Example 17.5 Section
Throughout the remainder of the lesson, we will work with the grades data set that is created in the following DATA step:
DATA grades;
input idno 1-2 l_name $ 5-9 gtype $ 12-13 grade 15-17;
cards;
10 Smith E1 78
10 Smith E2 82
10 Smith E3 86
10 Smith E4 69
10 Smith P1 97
10 Smith F1 160
11 Simon E1 88
11 Simon E2 72
11 Simon E3 86
11 Simon E4 99
11 Simon P1 100
11 Simon F1 170
12 Jones E1 98
12 Jones E2 92
12 Jones E3 92
12 Jones E4 99
12 Jones P1 99
12 Jones F1 185
;
RUN;
PROC PRINT data = grades NOOBS;
title 'The grades data set';
RUN;
idno | l_name | gtype | grade |
---|---|---|---|
10 | Smith | E1 | 78 |
10 | Smith | E2 | 82 |
10 | Smith | E3 | 86 |
10 | Smith | E4 | 69 |
10 | Smith | P1 | 97 |
10 | Smith | F1 | 160 |
11 | Simon | E1 | 88 |
11 | Simon | E2 | 72 |
11 | Simon | E3 | 86 |
11 | Simon | E4 | 99 |
11 | Simon | P1 | 100 |
11 | Simon | F1 | 170 |
12 | Jones | E1 | 98 |
12 | Jones | E2 | 92 |
12 | Jones | E3 | 92 |
12 | Jones | E4 | 99 |
12 | Jones | P1 | 99 |
12 | Jones | F1 | 185 |
The grades data set is what we call a "subject- and grade-specific" data set. That is, there is one observation for each grade for each student. Students are identified by their id number (idno) and last name (l_name). The data set contains six different types of grades: exam 1 (E1), exam 2 (E2), exam 3 (E3), exam 4 (E4), each worth 100 points; one project (P1) worth 100 points; and a final exam (F1) worth 200 points.

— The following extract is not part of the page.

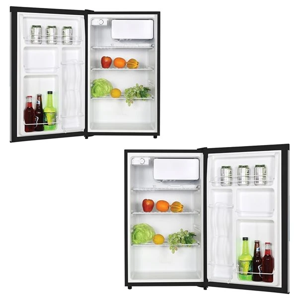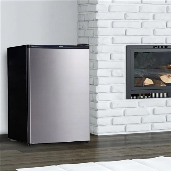 Compact 124 L/ 4.4 cu ft mini fridge with freezer compartment features a contemporary stainless steel exterior with black accents and plenty of door storage. Efficient, reliable compressor technology keeps contents at your desired temperature between 28°F (-2°C) and 50°F (10°C) so you can keep all your favourite snacks, soda, and beer right at hand in your den, office, dorm, home bar, or games room.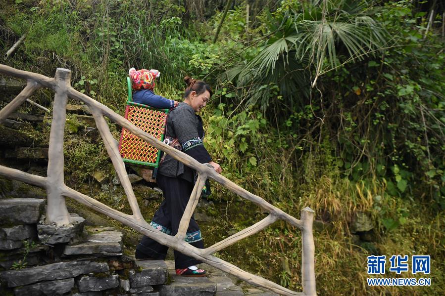 吳美金背著孫子走在十八洞村中,準(zhǔn)備前往村里的苗繡合作社(4月24日攝)。1967年出生的吳美金,1992年嫁入飛蟲村(現(xiàn)十八洞村飛蟲寨)時(shí),只有爛泥路的飛蟲村不僅田土少,掙錢活路也少,生活十分困難。2014年,吳美金加入了十八洞村苗繡特產(chǎn)農(nóng)民專業(yè)合作社,從小就會(huì)的苗繡傳統(tǒng)手藝如今成了家庭增收的法寶,不僅在家門口就把錢掙了,同時(shí)還能照顧年幼的孫子孫女。“現(xiàn)在的日子,比年輕的時(shí)候好多了?!眳敲澜鹫f。新華社記者薛宇舸攝

We'll suppose that the instructor agreed to drop the students' lowest exam grades (E1, E2, E3, E4) not including the final exam. Launch and run the SAS program so that we can work with the grades data set in the following examples. Review the output from the PRINT procedure to convince yourself that the data were properly read into the grades data set.
Example 17.6 Section
One of the most powerful uses of a RETAIN statement is to compare values across observations. The following program uses the RETAIN statement to compare values across observations, and in doing so determines each student's lowest grade for the four semester exams:
DATA exams;
set grades (where = (gtype in ('E1', 'E2', 'E3', 'E4')));
RUN;
DATA lowest (rename = (lowtype = gtype));
set exams;
by idno;
retain lowgrade lowtype;
if first.idno then lowgrade = grade;
lowgrade = min(lowgrade, grade);
if grade = lowgrade then lowtype = gtype;
if last.idno then output;
drop gtype;
RUN;
PROC PRINT data=lowest;
title 'Output Dataset: LOWEST';
RUN;
Note: In the upper right-hand corner of the code block you will have the option of copying ( ) the code to your clipboard or downloading ( ) the file to your computer.
DATA exams;
set grades (where = (gtype in ('E1', 'E2', 'E3', 'E4'))); *Because we’re not interested in grade types P1 and F1, don’t read them in;
RUN;
*The data step will find the lowest grade for each student and store those observations in the dataset 'grades';
DATA lowest (rename = (lowtype = gtype));
set exams;
by idno; *Process the exams dataset by idno;
retain lowgrade lowtype; *Retain lowgrade and lowtype as each student is processed;
if first.idno then lowgrade = grade; *The first grade for each student is the starts as the lowest;
lowgrade = min(lowgrade, grade); *Assign lowgrade the lower of the current grade and the lowest grade thus far;
if grade = lowgrade then lowtype = gtype; *If the current grade is the lowest, update lowtype;
if last.idno then output; *For the last observation for a student, output one observation containing the lowest grade;
drop gtype; *Drop gtype here and rename lowtype as gtype in the data statement;
RUN;
PROC PRINT data=lowest;
title 'Output Dataset: LOWEST';
RUN;
Obs | idno | l_name | grade | lowgrade | gtype |
---|---|---|---|---|---|
1 | 10 | Smith | 69 | 69 | E4 |
2 | 11 | Simon | 99 | 72 | E2 |
3 | 12 | Jones | 99 | 92 | E3 |
Because the instructor only wants to drop the lowest exam grade, the first DATA step tells SAS to create a data set called exams by selecting only the exam grades (E1, E2, E3, and E4) from the data set grades.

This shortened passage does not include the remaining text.